#### Information supplied:
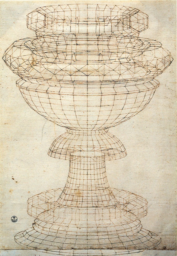 This applied equally to practitioners. Masolino, for instance, worked in Florence, Prato, Rome, Castiglione d’Olona from whence he accompanied Cardinal Branda Castilione to Hungary and worked for King Matthias Corvinus. All this helps to explain the lack of manuscripts. Artists invariably worked together in workshops (botteghe) and generally would have learned their theory by word of mouth from the travelling experts. So, although perspective was technically limited to a dozen theoreticians moving between as many cities, the impact was larger. In retrospect, however, it is necessary to keep reminding ourselves just how small was the scale of the phenomenon if we are to appreciate, for instance, Luca Pacioli’s complaint that after Leonardo left Milan in 1499 he was unable to find anyone who could draw the semi-regular solids for his Divine proportion in proper perspective.
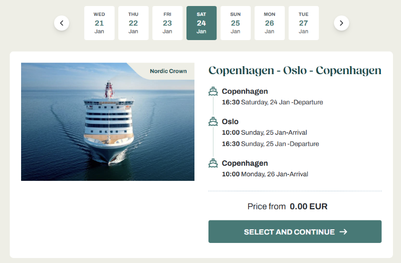 Sporadic dates are available throughout the whole year. For example: Copenhagen – Oslo – Copenhagen mini-cruise, January 24:
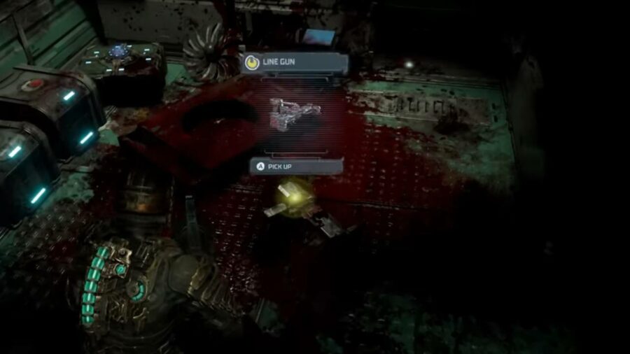 This door is not hard to spot as there aren’t many doors in the area. Upon entering, you will find a bloody room with the Line Gun in the center, alongside the corpse of a crew member. As per the previous patterns, the dead body holds the weapon, and you can collect it by approaching the crew member.
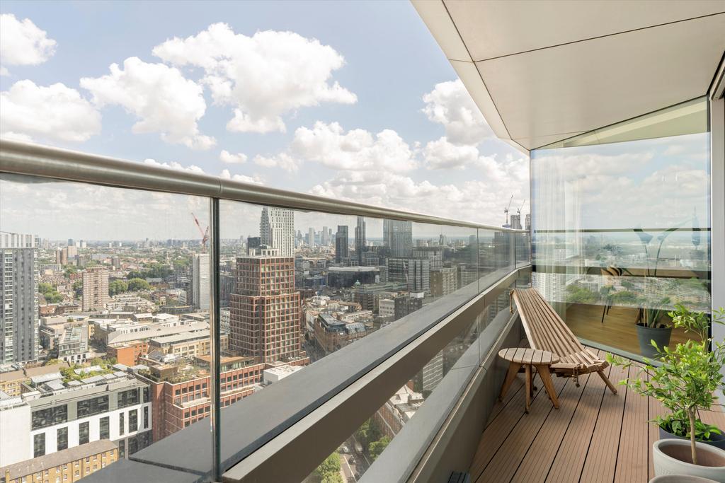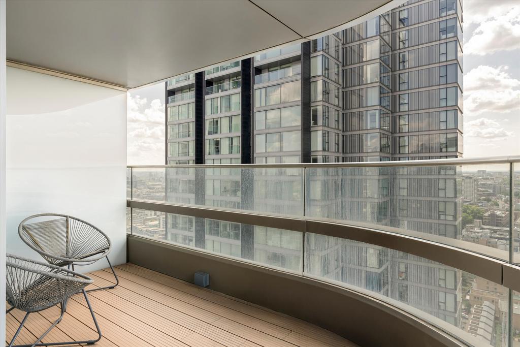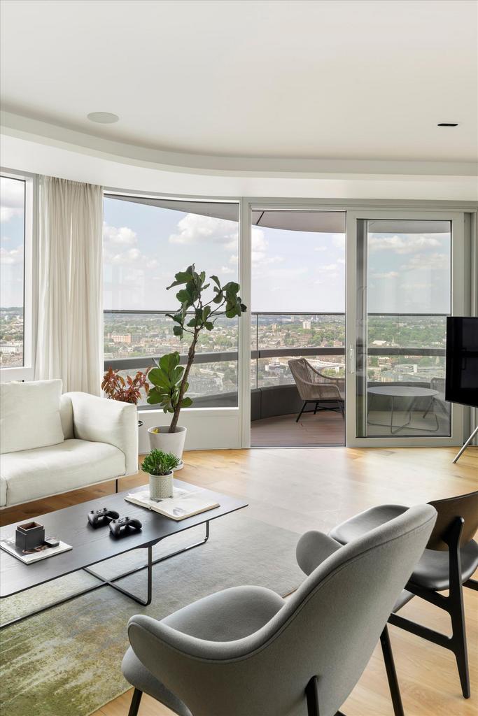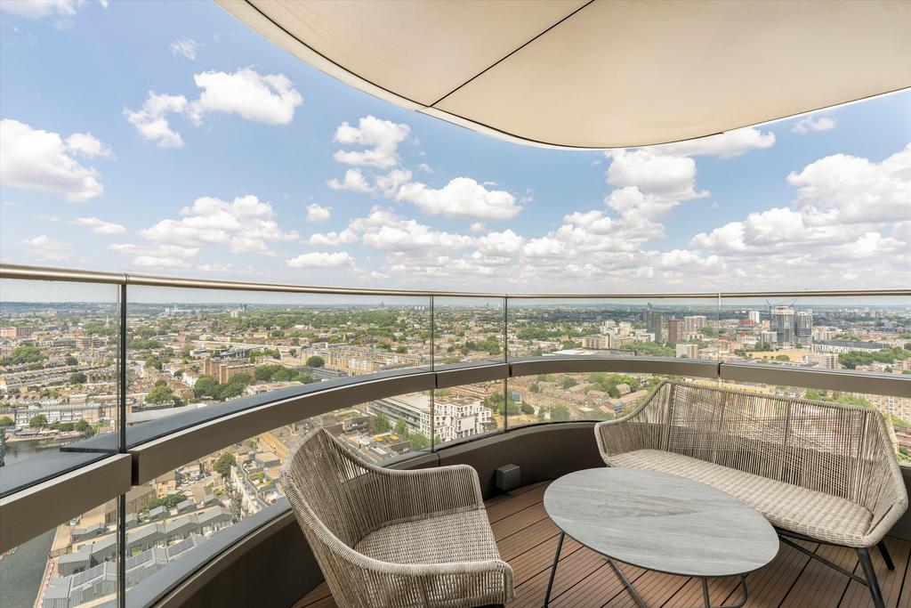 This remarkable sub-penthouse apartment in the iconic Canaletto Tower offers approximately 1,960 sq ft of refined living space, occupying half of an entire floor, complemented by three private terraces—each providing views across the London skyline.

#### Task item:
Each line of the data must be restated exactly, and the pictures must be left out.

#### Solution to the exercise:
 This applied equally to practitioners. Masolino, for instance, worked in Florence, Prato, Rome, Castiglione d’Olona from whence he accompanied Cardinal Branda Castilione to Hungary and worked for King Matthias Corvinus. All this helps to explain the lack of manuscripts. Artists invariably worked together in workshops (botteghe) and generally would have learned their theory by word of mouth from the travelling experts. So, although perspective was technically limited to a dozen theoreticians moving between as many cities, the impact was larger. In retrospect, however, it is necessary to keep reminding ourselves just how small was the scale of the phenomenon if we are to appreciate, for instance, Luca Pacioli’s complaint that after Leonardo left Milan in 1499 he was unable to find anyone who could draw the semi-regular solids for his Divine proportion in proper perspective.
 Sporadic dates are available throughout the whole year. For example: Copenhagen – Oslo – Copenhagen mini-cruise, January 24:
 This door is not hard to spot as there aren’t many doors in the area. Upon entering, you will find a bloody room with the Line Gun in the center, alongside the corpse of a crew member. As per the previous patterns, the dead body holds the weapon, and you can collect it by approaching the crew member.
 This remarkable sub-penthouse apartment in the iconic Canaletto Tower offers approximately 1,960 sq ft of refined living space, occupying half of an entire floor, complemented by three private terraces—each providing views across the London skyline.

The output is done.